_PROBLEM TO WORK ON_
From the records below, print only the part that opens with the line containing "Esta cuvée Brut" and closes with the line containing "Audace botanica: Parte"; omit the pictures.

_INPUT DATA_
========================================

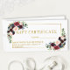 Das moderne elegante Geschenkgutschein "Floral" beinhaltet bordeauxfarbene Rose, rote Blume, rosa Rosen, blaue Blumen und Grünpflanzen - Goldrahmen und Goldtext
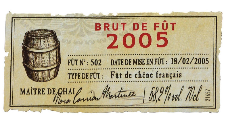 Esta cuvée Brut de fût é do ano de 2005. Seu teor natural é de 58,2% de álcool. Nenhuma redução foi feita. O número do barril é 503. Apenas 485 garrafas produzidas... uma verdadeira raridade!
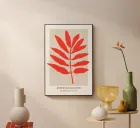 Audace botanica: Parte della collezione Botanical, questa sorprendente stampa d'arte presenta un ritaglio astratto di foglie rosse vivaci su uno sfondo neutro. Il suo design minimalista e il colore deciso la rendono un pezzo unico, perfetto per aggiungere un tocco di moderna eleganza e bellezza naturale a qualsiasi ambiente.
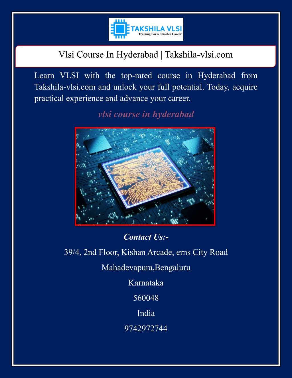 1. Vlsi Course In Hyderabad | Takshila-vlsi.com Learn VLSI with the top-rated course in Hyderabad from Takshila-vlsi.com and unlock your full potential. Today, acquire practical experience and advance your career. vlsi course in hyderabad Contact Us:- 39/4, 2nd Floor, Kishan Arcade, erns City Road Mahadevapura,Bengaluru Karnataka 560048 India 9742972744
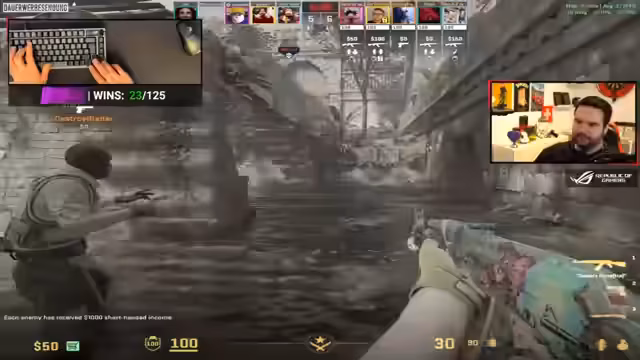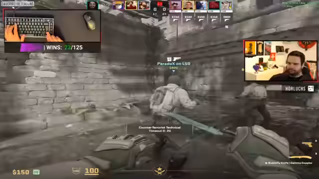 00:32:43Nach den Serverproblemen können sie endlich Counter-Strike spielen. Es gibt intensive Runden mit verschiedenen Taktiken, Positionierungen und Waffeneinsätzen. Der Streamer analysiert das Spielgeschehen, kommentiert die Gegnerstrategien und sucht nach Fehlern in der eigenen Teamperformance.
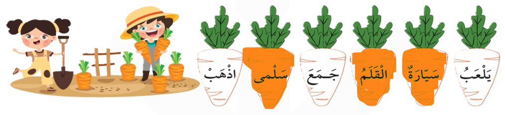 أُسَاعِدُ الْمُزَارِعَ بِتَلْوِينِ الْجَزَرَاتِ الَّتِي تَحْوِي أَسْمَاءً:
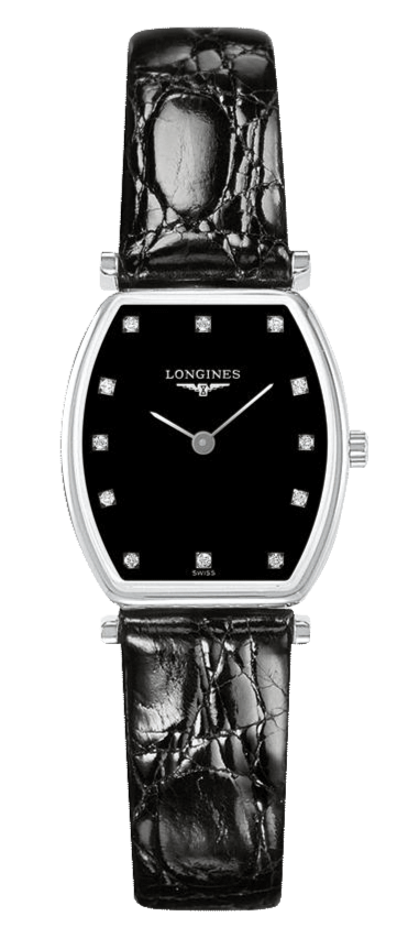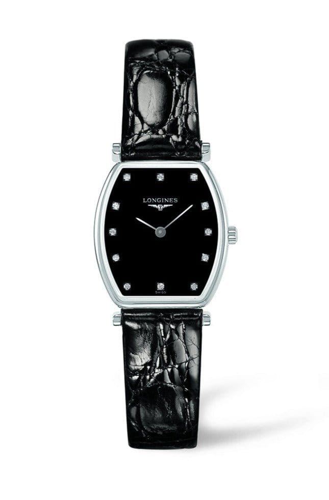 Longines La Grande Classique de Longines Tonneau Black Dial Black Leather Strap Watch for Women - L4.205.4.58.2
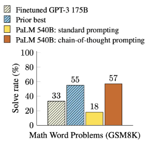 CoT 는 산술적, 상식적, 그리고 상징적 추론 과제들과 같은 과제들에서 결과를 향상시키는 효과를 보여주었습니다. 특히 아래 그림에서 확인할 수 있듯이 prompted PaLM 540B 는 GSM8K 에서 57% 정확도를 달성하였습니다.
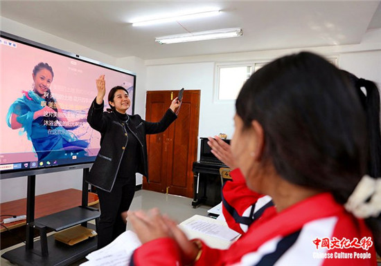 云南大学昌新国际艺术学院音乐系主任夏夏老师为沧源佤族职业技术学校学生上声乐课
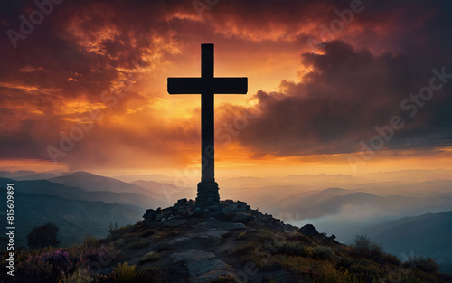 Jesus Christ cross, Christian cross on a background of dramatic sky and fog landscape, sunset
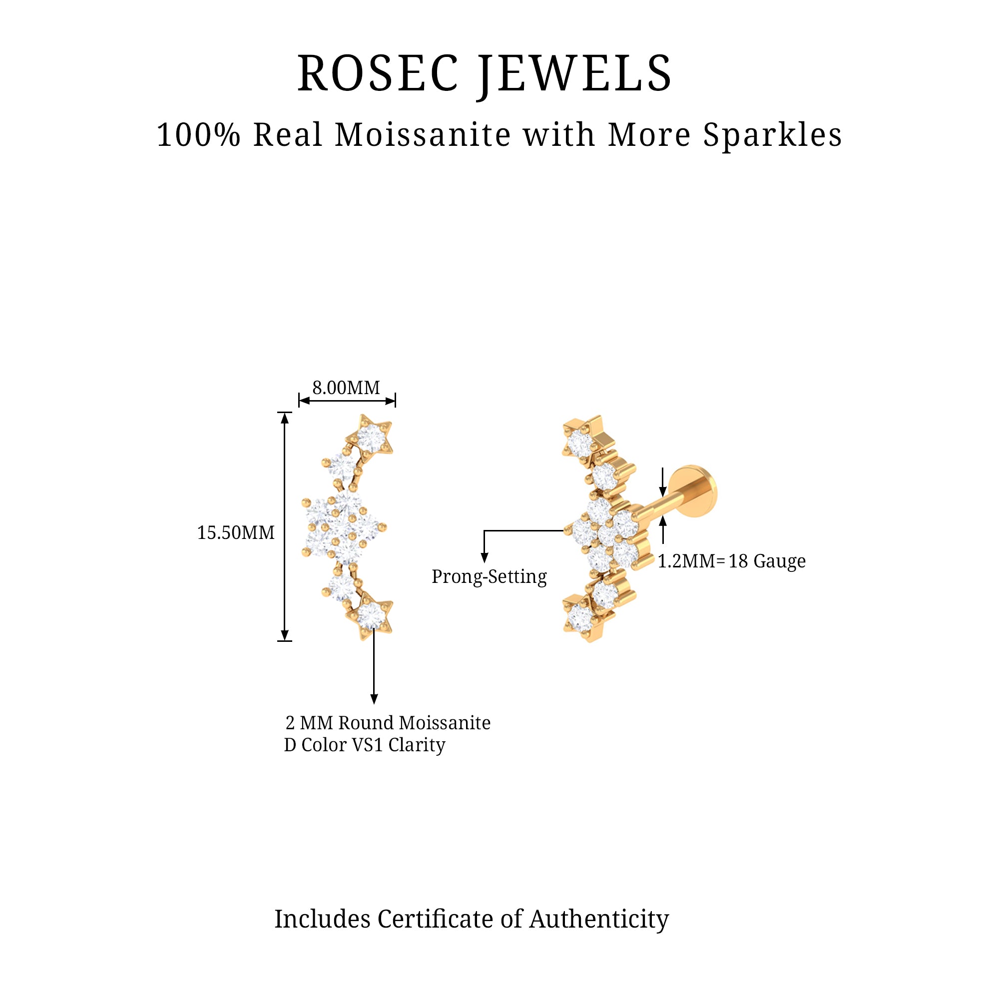 Experience the ethereal charm of the Moissanite Star Crawler Earring that showcases Round Cut Moissanite embedded in the star-shaped structure, delicately crafted with Solid Metal. You can wear this Moissanite Earring on your Helix, Cartilage, or Upper Lobe Piercing. This Celestial Earring will create an everlasting impression on everyones mind.

========================================

_RESPONSE BOX_
 Esta cuvée Brut de fût é do ano de 2005. Seu teor natural é de 58,2% de álcool. Nenhuma redução foi feita. O número do barril é 503. Apenas 485 garrafas produzidas... uma verdadeira raridade!
 Audace botanica: Parte della collezione Botanical, questa sorprendente stampa d'arte presenta un ritaglio astratto di foglie rosse vivaci su uno sfondo neutro. Il suo design minimalista e il colore deciso la rendono un pezzo unico, perfetto per aggiungere un tocco di moderna eleganza e bellezza naturale a qualsiasi ambiente.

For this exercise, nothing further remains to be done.